This describes how the run_analysis.R script works and includes a code book describing the variables in the final output of the script. The script was used to clean the UCI Human Activity Recognition Using Smartphones Data Set Version 1.0.
The script does the following.
- Reads the measurement data used for the test and training data sets from "./UCI HAR Dataset/test/X_test.txt" and "./UCI HAR Dataset/train/X_train.txt", respectively.
- Reads the activity labels for the test and training data sets from "./UCI HAR Dataset/test/y_test.txt" and "./UCI HAR Dataset/train/y_train.txt".
- Reads the Subject data which identifies the subject who performed the activity in each of row of the test and training data. These were read from "./UCI HAR Dataset/test/subject_test.txt" and "./UCI HAR Dataset/train/subject_train.txt".
- Reads the activity names that maps the integers used as activity labels to names. Some text processing to remove the was done to extract just the names. The activity names were read from "./UCI HAR Dataset/activity_labels.txt".

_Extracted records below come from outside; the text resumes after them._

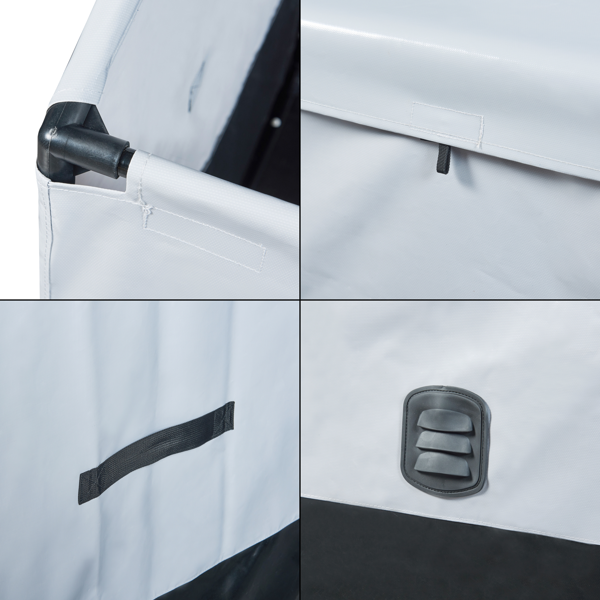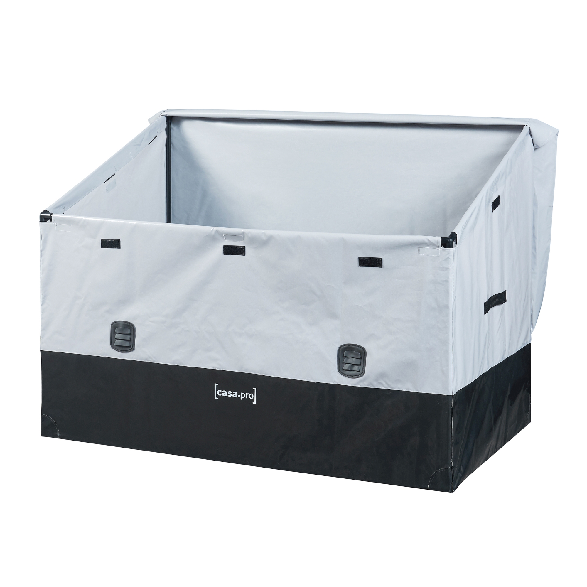 Die Box ist nicht nur geräumig, sondern auch äußerst robust und wetterfest. Eine wasserdichte Plane schützt Ihre Gegenstände zuverlässig vor Regen, Sonneneinstrahlung und Wind.
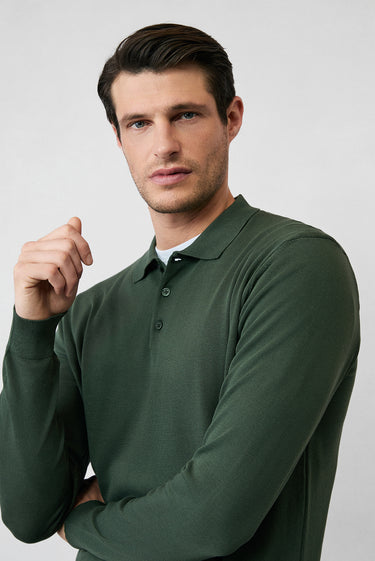 Medium Khaki Regular Fit Button-Down Polo Collar Knit Sweater
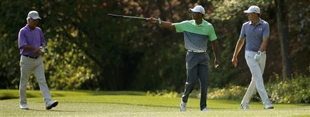 大会前日の練習ラウンドで実は、この3人が一緒に回った。水切りショットに興じるなど、ウッズの楽しそうな笑顔が印象的だった。
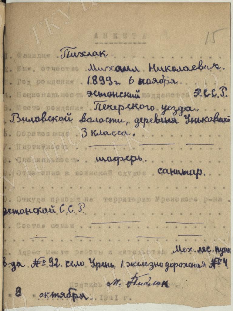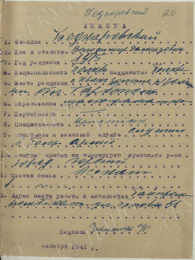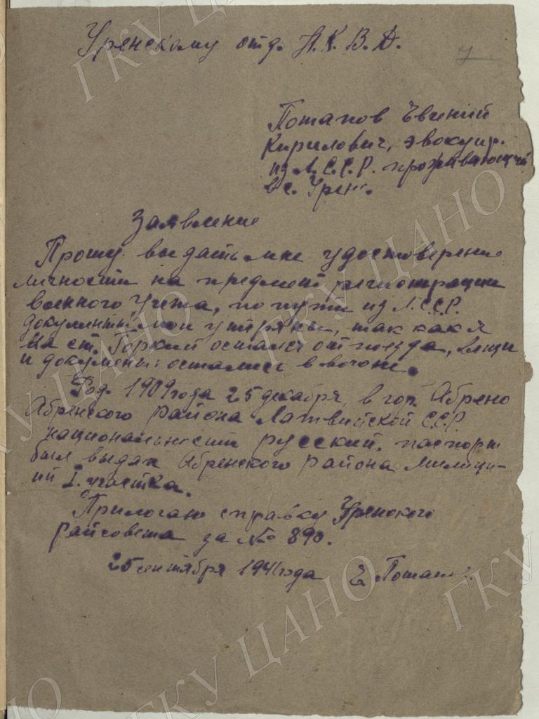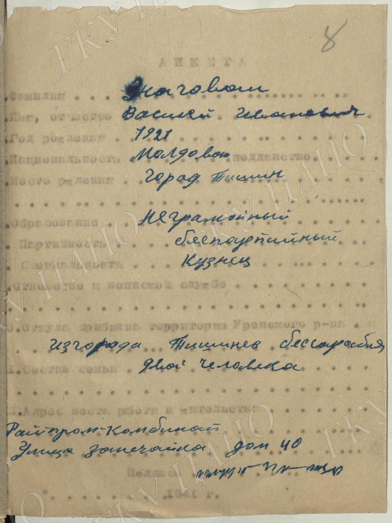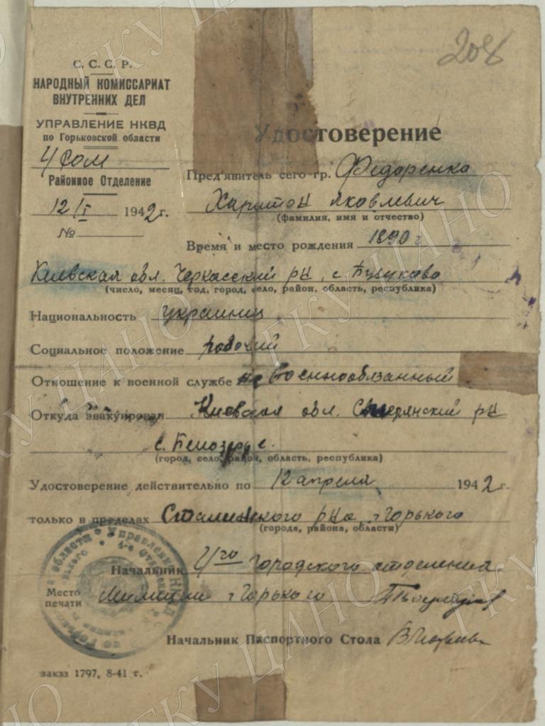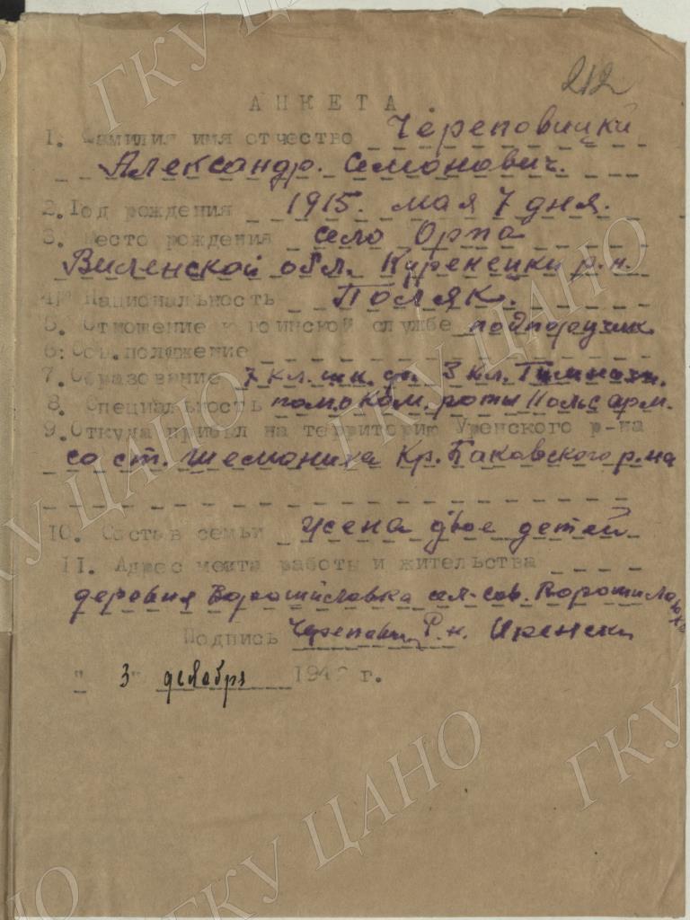 Ф. Р-5344. Оп. 1. Д. 49а. Справки и анкеты на лиц, эвакуированных из разных областей СССР в населенные пункты Уренского района Горьковской области. 25 августа 1941 г. — 18 декабря 1942 г.
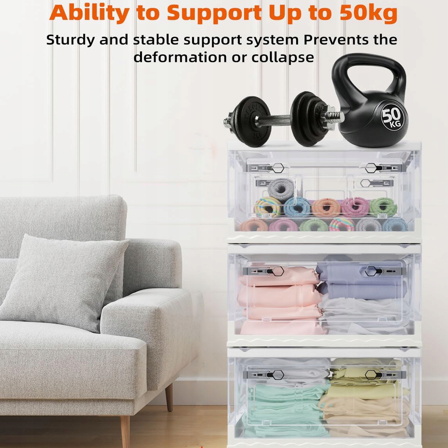 Изготовленный из безопасного и прочного полипропиленового материала, он разработан так, чтобы быть безопасным, прочным, долговечным, без запаха и безвредным для человеческого организма, и может использоваться в течение длительного времени. Большая вместимость, позволяет хранить одежду, носки, свитера, украшения, журналы, салфетки, косметику, игрушки, безделушки, одежду, книги, постельное белье, закуски, напитки и т. д.
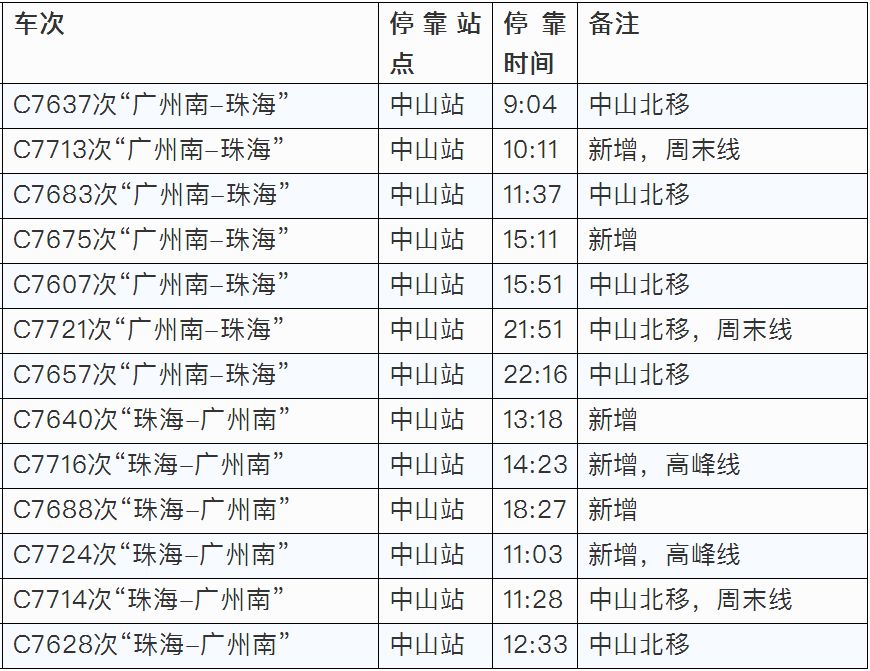车次C7637次“广州南-珠海”、C7713次“广州南-珠海”、C7683次“广州南-珠海”、C7675次“广州南-珠海”、C7607次“广州南-珠海”、C7721次“广州南-珠海”、C7657次“广州南-珠海”、C7640次“珠海-广州南”、C7716次“珠海-广州南”、C7688次“珠海-广州南”、C7724次“珠海-广州南”、C7714次“珠海-广州南”、C7628次“珠海-广州南”。
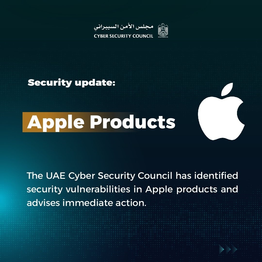حذر مجلس الأمن السيبراني لحكومة الإمارات من عدة ثغرات في أنظمة التشغيل في أجهزة أبل، مؤكداً أنها تحمل ثغرات تسمح للمهاجم بالتحكم في الأجهزة.
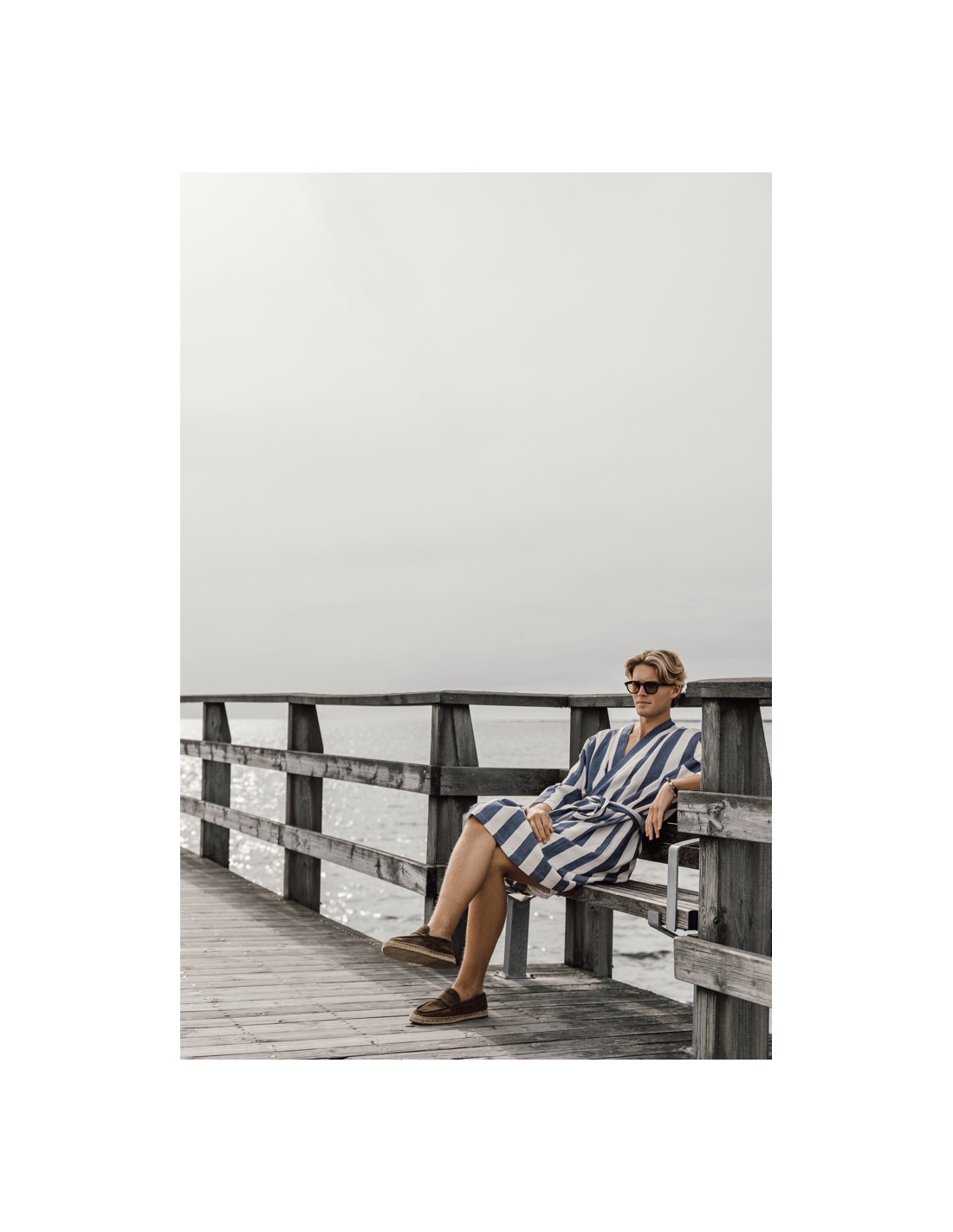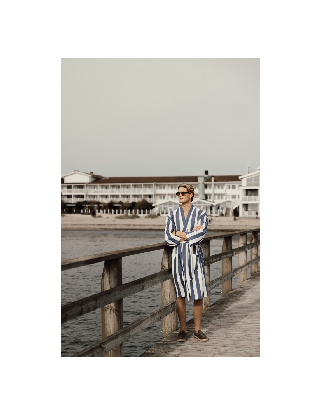 Portate questo morbido e confortevole accappatoio da hamam in spiaggia o semplicemente godetevelo a casa. Realizzato in un misto leggero e arioso da 200 g/m², combina il comfort del cotone con i vantaggi dell'asciugatura rapida del poliestere. Disegnato in stile classico con una fantasia a righe...

- Reads the "features" which correspond to the variable names for the test and training data sets previously read. The features were read from "./UCI HAR Dataset/features.txt".
The script then proceeds to merge the test and training data and using the features already read, as the column names for the merged data. Of interest was the mean and standard deviation of each measurement. To extract only these measurements from the merged data, columns whose names matched "mean()" or "std()" were captured and used as argument to dplyr's select(). the activity labels for the test and training data as well as the subjects in the test and training data. Finally, Subject data and Activity Labels were added as columns to the merged data.
Each feature was given a default variable name as described in "features_info.txt". To make a meaningful variable name, first the type statistic and direction of the signal contained in the variable is extracted from the default variable name. After this,signal variable name are extracted. These are stored in 'statistic', and 'var'. A new variable name is then formed by concatenating statistic, an underscore and var in that order. The column names of the merged data from Merging and Subsetting is then updated with the result from the concatenation.
The resulting data set from the previous step is then grouped by Subject and Activity before the summarise_all() function is used to find the average of each variable. The result is a data set with the average of each variable, for each activity and each subject. This is finally written to .txt file.